- Task instructions
Recreate the listing that follows line for line, without pictures.

- Stored data
* * * * *
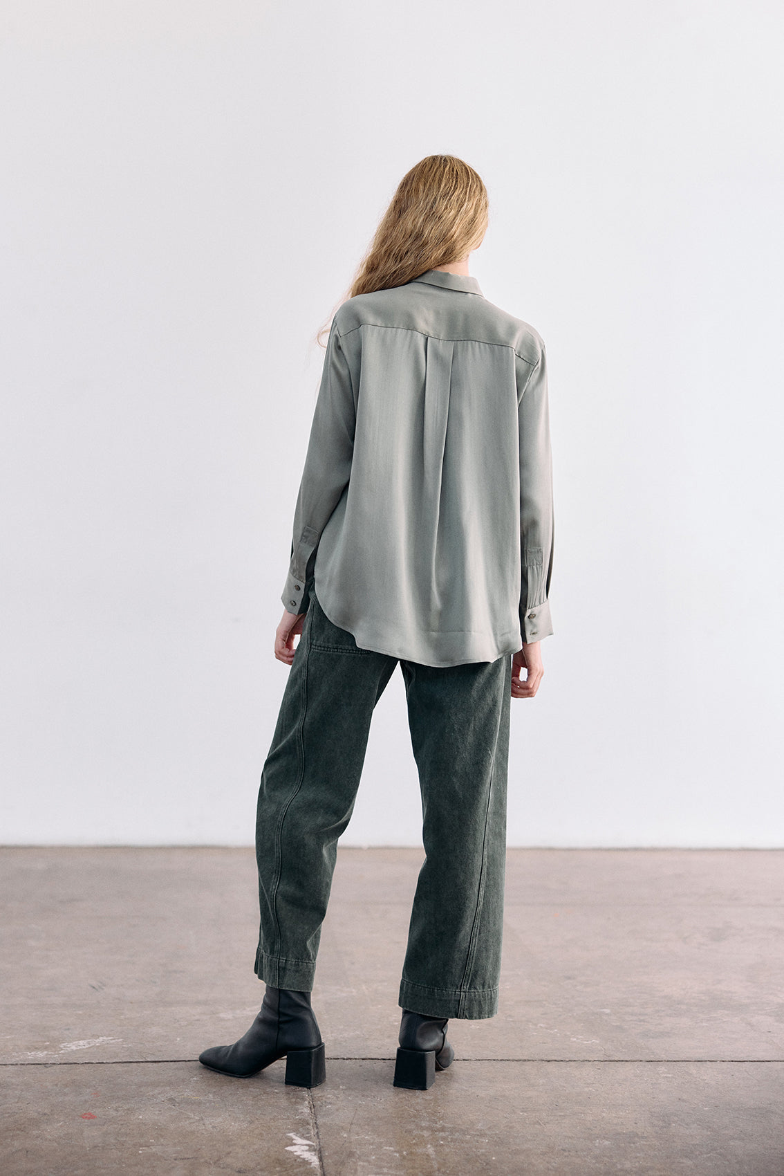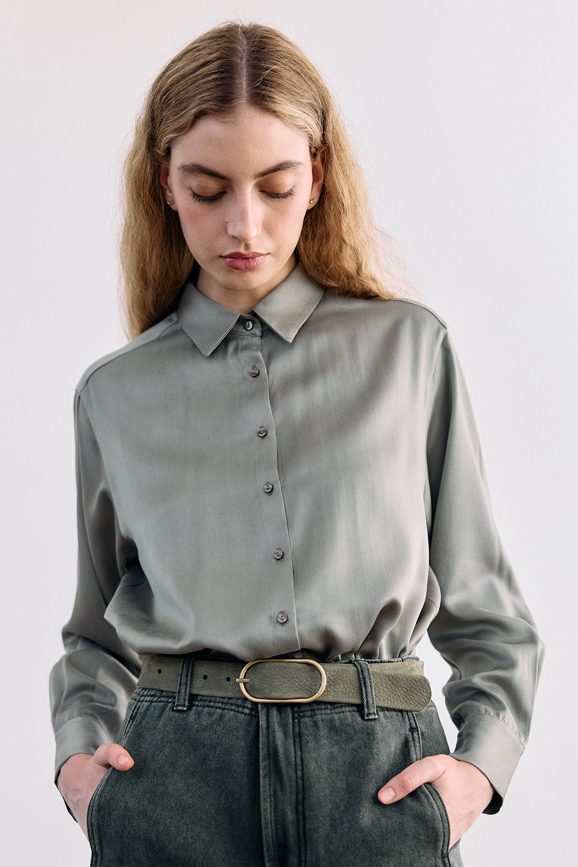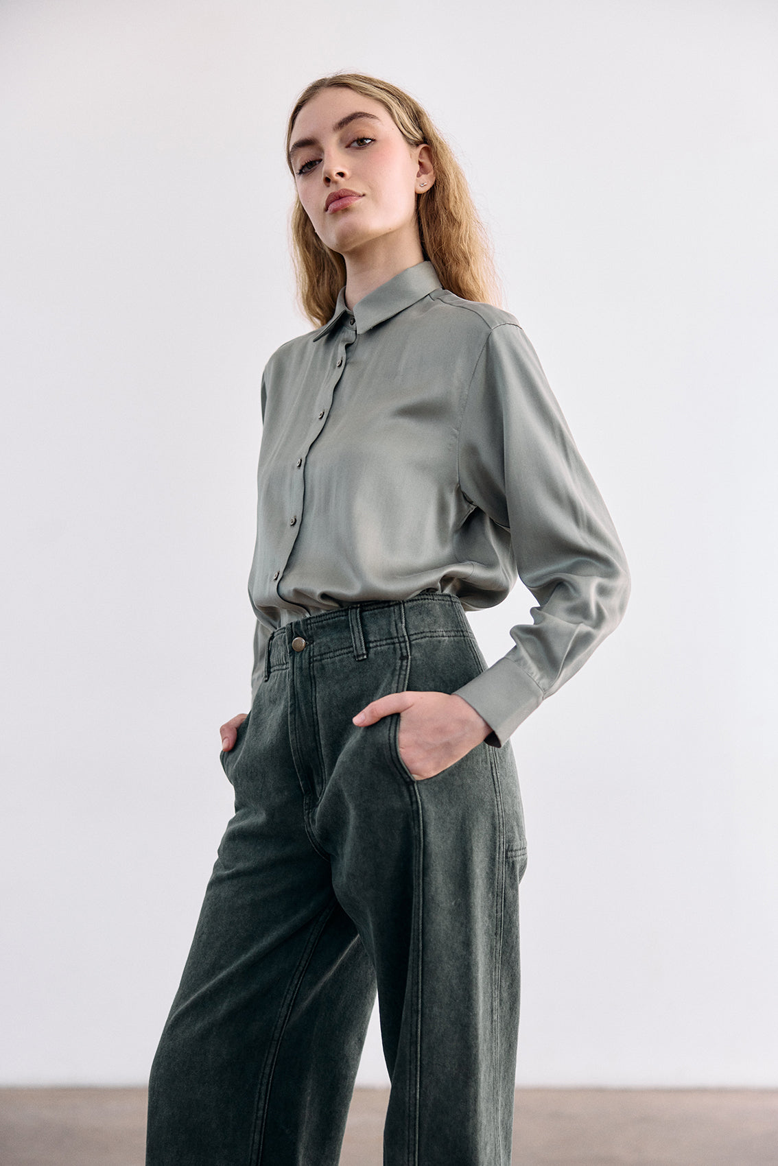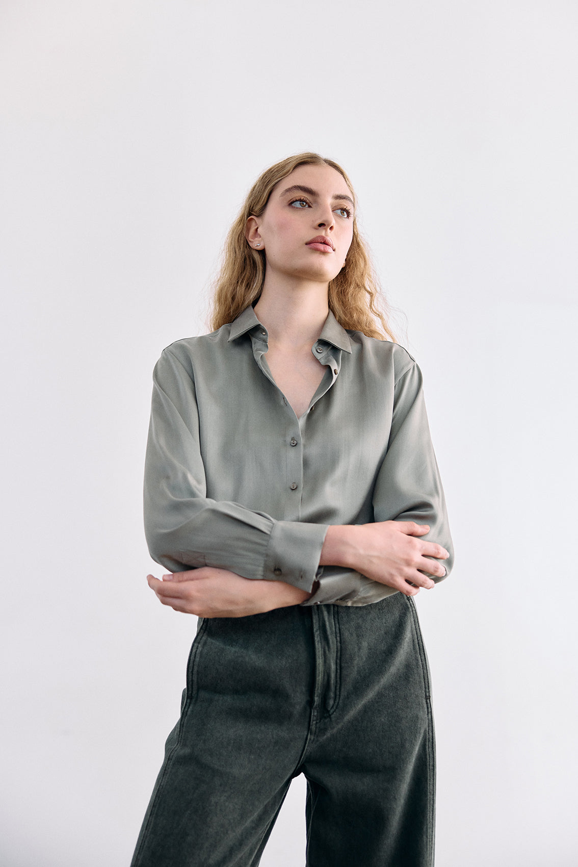 Pointed Collar Silk Button-Down Shirt - Musgo
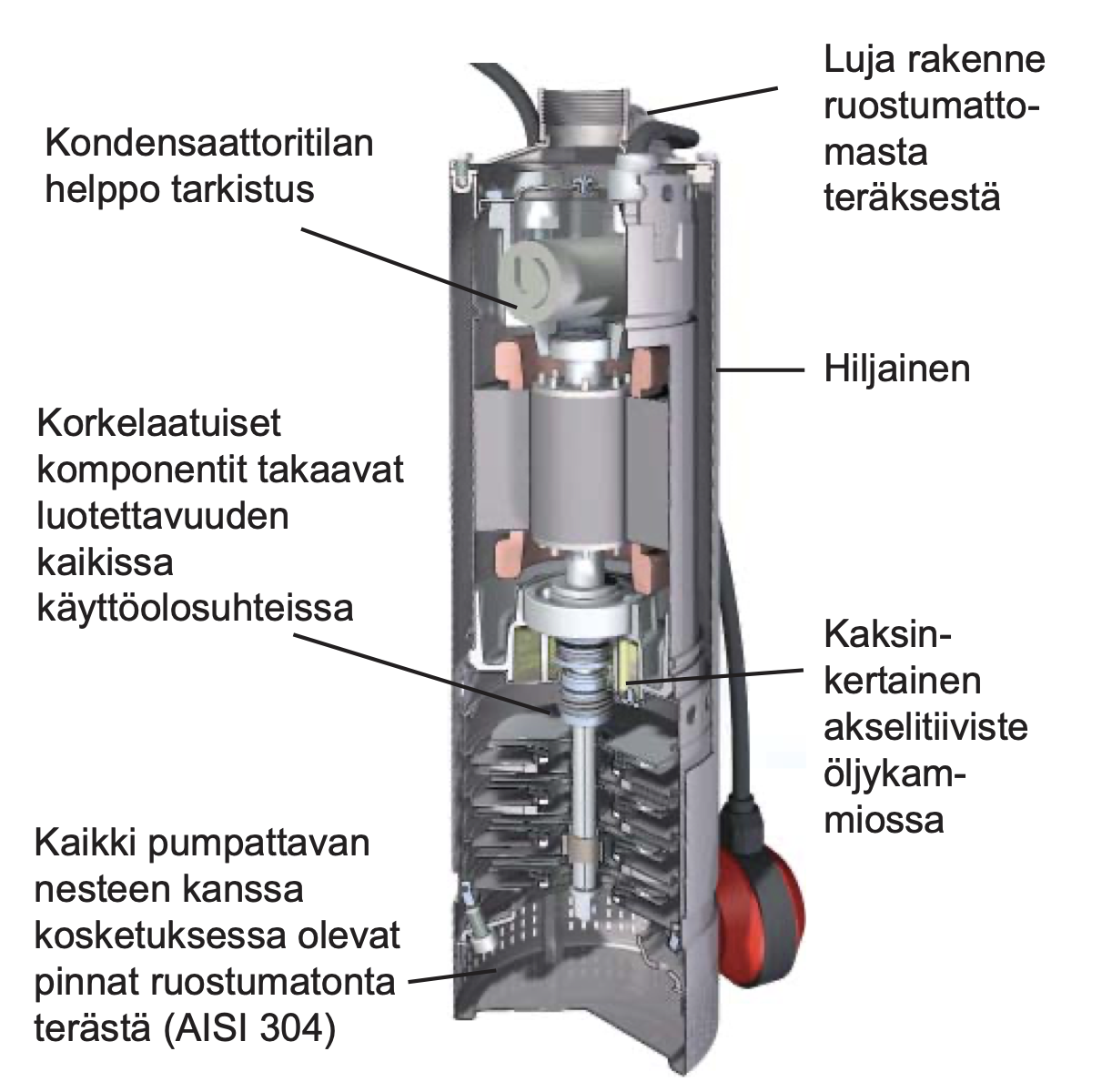 Moniportainen uppopumppu, moottori ja pumppu yhteenrakennettuna
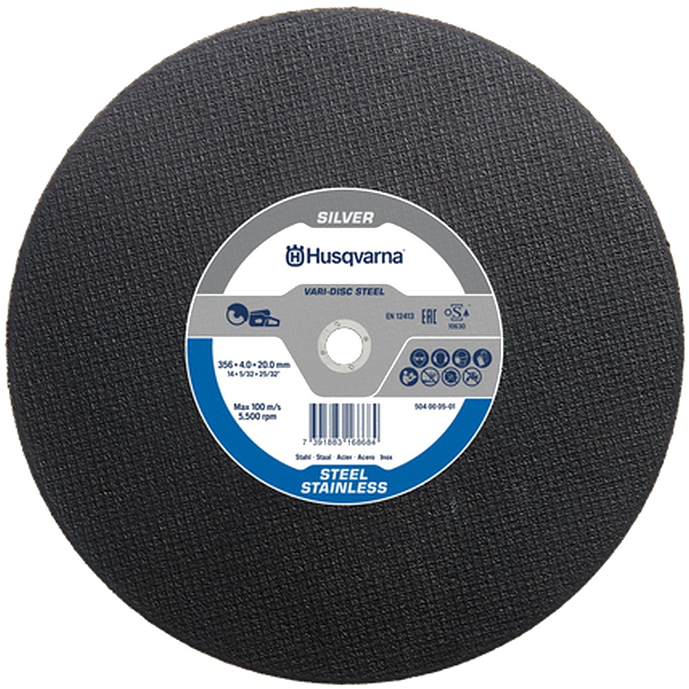 Husqvarna 9-inch abrasive metal cutting blades used with the Husqvarna K 535i cordless battery cutoff saw. It is a conventional abrasive disc specially recommended when cutting carbon steel, iron or stainless steel.
* * * * *
- Answer area
 Pointed Collar Silk Button-Down Shirt - Musgo
 Moniportainen uppopumppu, moottori ja pumppu yhteenrakennettuna
 Husqvarna 9-inch abrasive metal cutting blades used with the Husqvarna K 535i cordless battery cutoff saw. It is a conventional abrasive disc specially recommended when cutting carbon steel, iron or stainless steel.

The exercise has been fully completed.